Never mind that Jones was already then a widely-respected stage actress; she was new to Canby, since he was new to the theatre. And now that The Heiress is back on Broadway, in a new commercial outing, I suppose I could just as easily say that its star Jessica Chastain is a young actress who’s new to me, though in fact her star power is rapidly on the rise thanks to her prolific film profile.
Yet the production also shows the dangers of throwing a young, theatrically inexperienced actress on the exposed Broadway stage; like Julia Roberts when she made her stage debut in Broadway’s Three Days of Rain a few seasons ago, Chastain is simply out of her depth as she struggles to give this role context and meaning. She’s not helped by a production by Moises Kaufman that is grindingly slow and heavy handed. Even the presence of more experienced stage hands like David Strathairn, Judith Ivey and Britain’s Dan Stevens can’t rescue it from tedium.
Broadway at its best is instead a showcase from a regional theatre of another long-time classic: Chicago’s Steppenwolf has brought Edward Albee’s Who’s Afraid of Virginia Woolf? back to piercing new life with company members who have worked regularly at Steppenwolf, but none of whom are stars in their own right.

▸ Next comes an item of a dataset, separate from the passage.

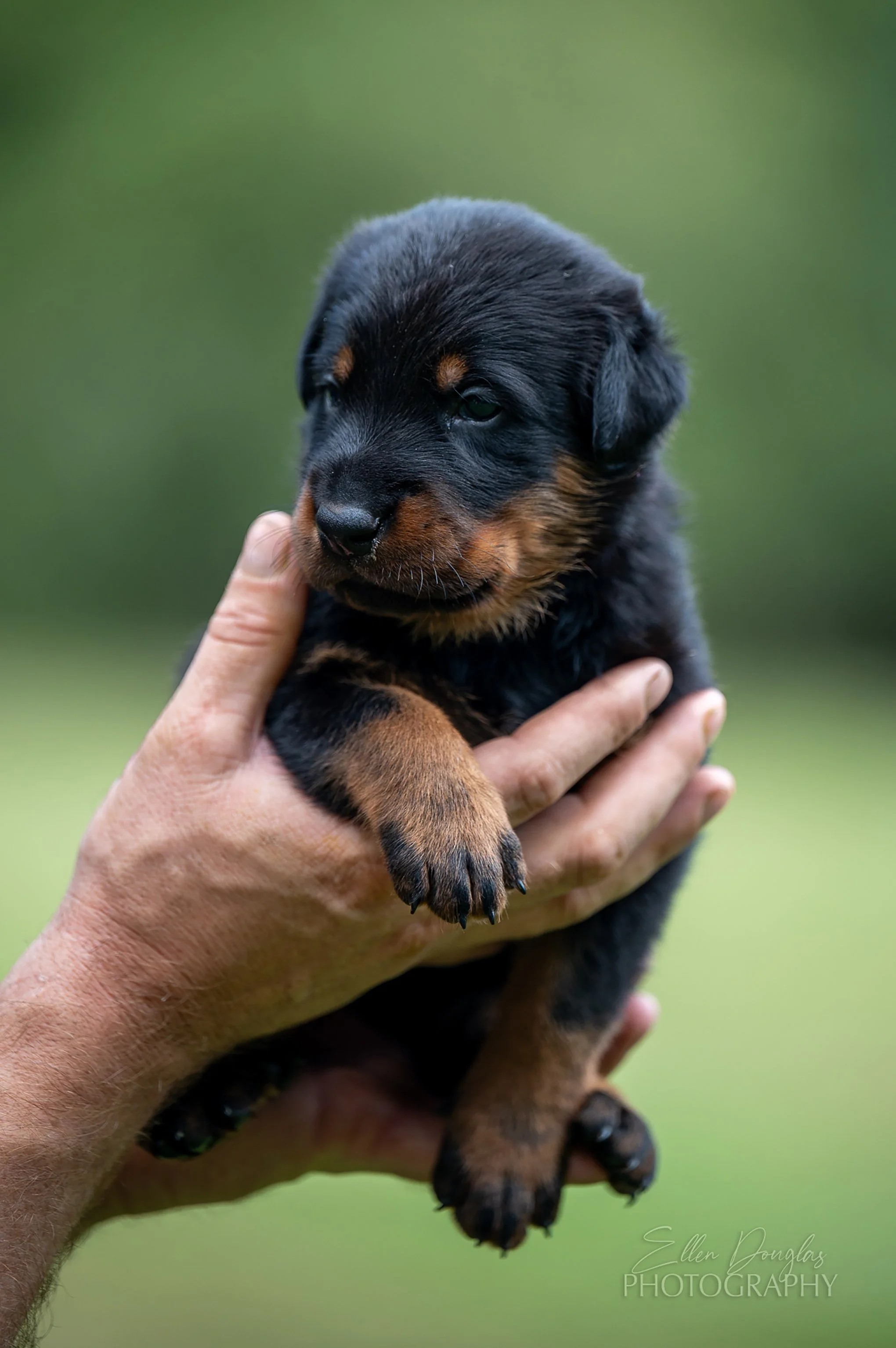 As she matures, Epic will complete her health testing and expand her training across different sports to find her best fit. Sweet like her mother but with her own fiery edge, she represents the next exciting generation for Feu de l’Âme Beaucerons.

Tracy Letts has, of course, become a star playwright, particularly for his Chicago masterpiece August: Osage County that went to Broadway and then to the National Theatre, but to see him here as George is to see a brilliant actor utterly inhabiting the role. He is joined by Amy Morton, who starred in August: Osage County, as his wife, and two younger actors Carrie Coon and Madison Dirks, both of them actors (to borrow Canby’s phrase) who are new to me, but I’m sure I will see again.
The play blisters anew in their hands, and proves that Broadway doesn’t have to be star-driven or gimmicky to succeed – it just has to be good.